Maduro’s strongest challenger, barred from running, picks a stand-in

CARACAS, Venezuela — María Corina Machado, the popular Venezuelan opposition leader who has been barred from challenging authoritarian President Nicolás Maduro in this year’s election, said Friday she would end her effort to get on the ballot and instead throw her support behind a substitute candidate.

“We have found an honorable person whom I trust,” Machado told reporters. “My fight is not over. We are going to fight until the last day.

“We are not allowing the regime to have any excuses.”

After months of harassment by Venezuela’s socialist government, and days before registration for the July election is due to close, Machado encouraged her supporters to vote for Corina Yoris Villasana, a comparatively low-profile academic who has been approved to run.

Yoris, 79, is a professor of logic and debating theory who has taught at Spain’s University of Salamanca and other institutions, Machado’s team said. She has never held political office.

She said Friday the country was headed toward a “transition” and that “we all need to walk this together.” She had yet to register as a candidate.

Machado, 56, an industrial engineer and former National Assembly member, won an opposition primary in December with more than 92 percent of the vote.
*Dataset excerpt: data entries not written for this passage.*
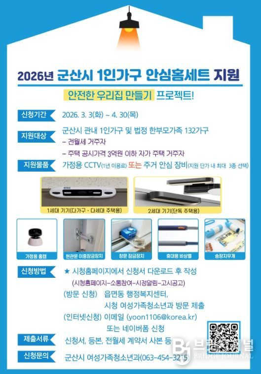 브릿지저널 윤나영 기자 | 군산시는 1인 가구와 한부모가족의 주거 안전 강화를 위해 ‘2026년 군산시 1인가구 안심홈세트 지원사업’을 추진하고, 3월 3일부터 4월 30일까지 대상자를 모집한다고 밝혔다.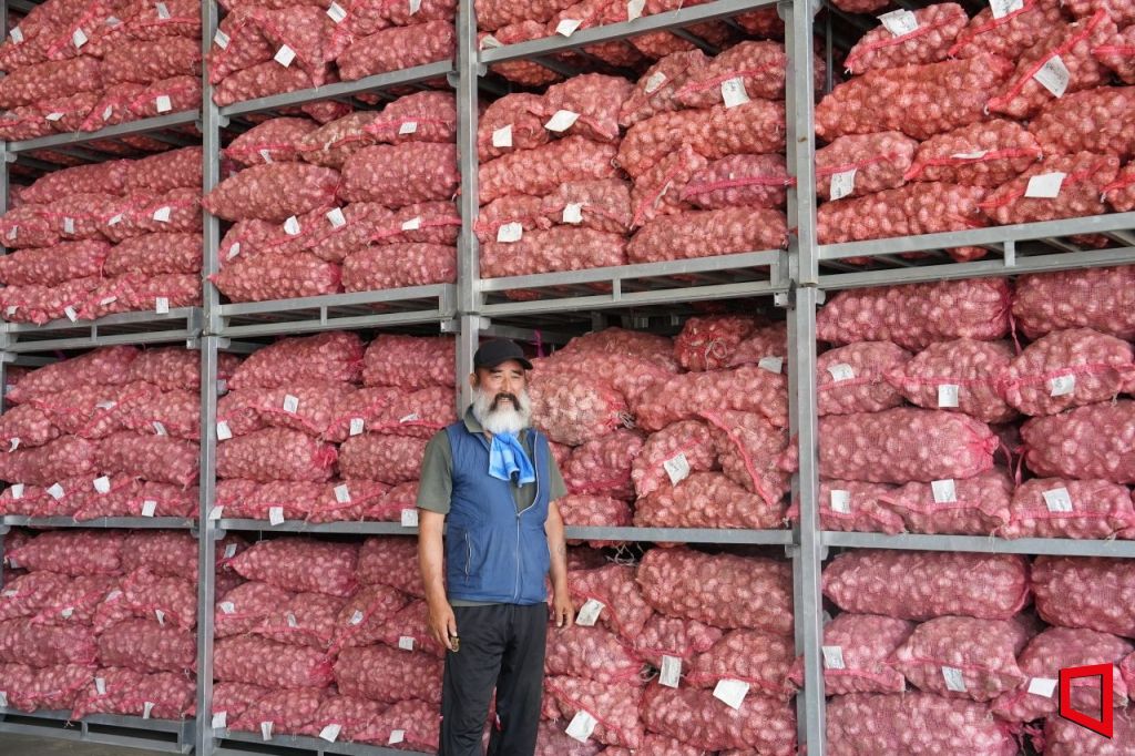수확한 마늘을 흐뭇하게 바라보는 염만규 공주유황꽃마늘생산자협의회 회장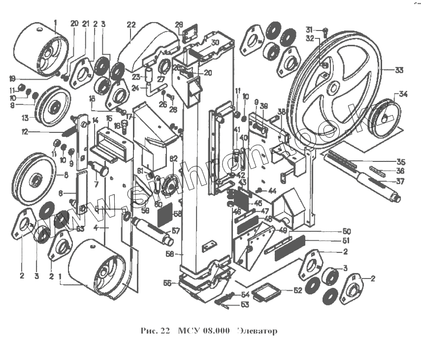 Каталог запасных частей к технике: Воронежсельмаш МС-4,5. МСУ 08.000 Элеватор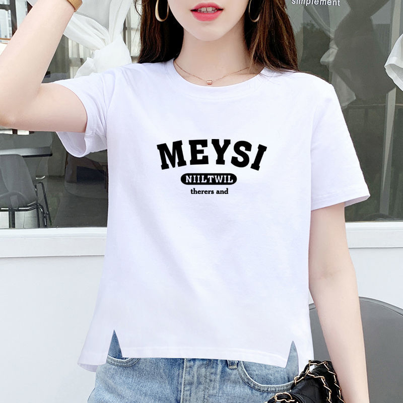 白色纯棉女士t恤短袖夏季韩版宽松休闲洋气高腰短款开叉半袖上衣
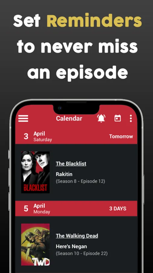 • Receive NOTIFICATIONS and never miss a TV Show episode or movie release!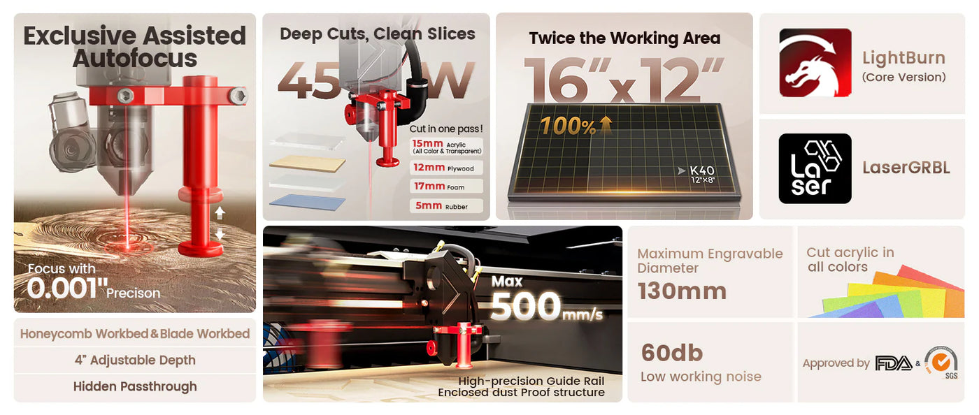 Featuringexcellent noise control, this laser operates with minimal sound, making it ideal for home or office use. Theprecise red light indicationallows for accurate alignment of your projects, enhancing precision during engraving and cutting. Equipped with asilent assist air system, exhaust system, and water pump, it efficiently removes smoke and debris without generating excess noise, contributing to a peaceful workspace.

But the government called the primary invalid, and the Supreme Court agreed this year that she would be ineligible to run.

The Maduro government told the Biden administration this year it would hold free and fair elections in exchange for relief from U.S. sanctions on the state-run oil industry, and Machado continued to campaign.

Two members of her team were arrested this week on accusations of planning violent acts against the government and arrest warrants were issued for seven more.

Machado called the accusations “completely false”; the United States condemned them.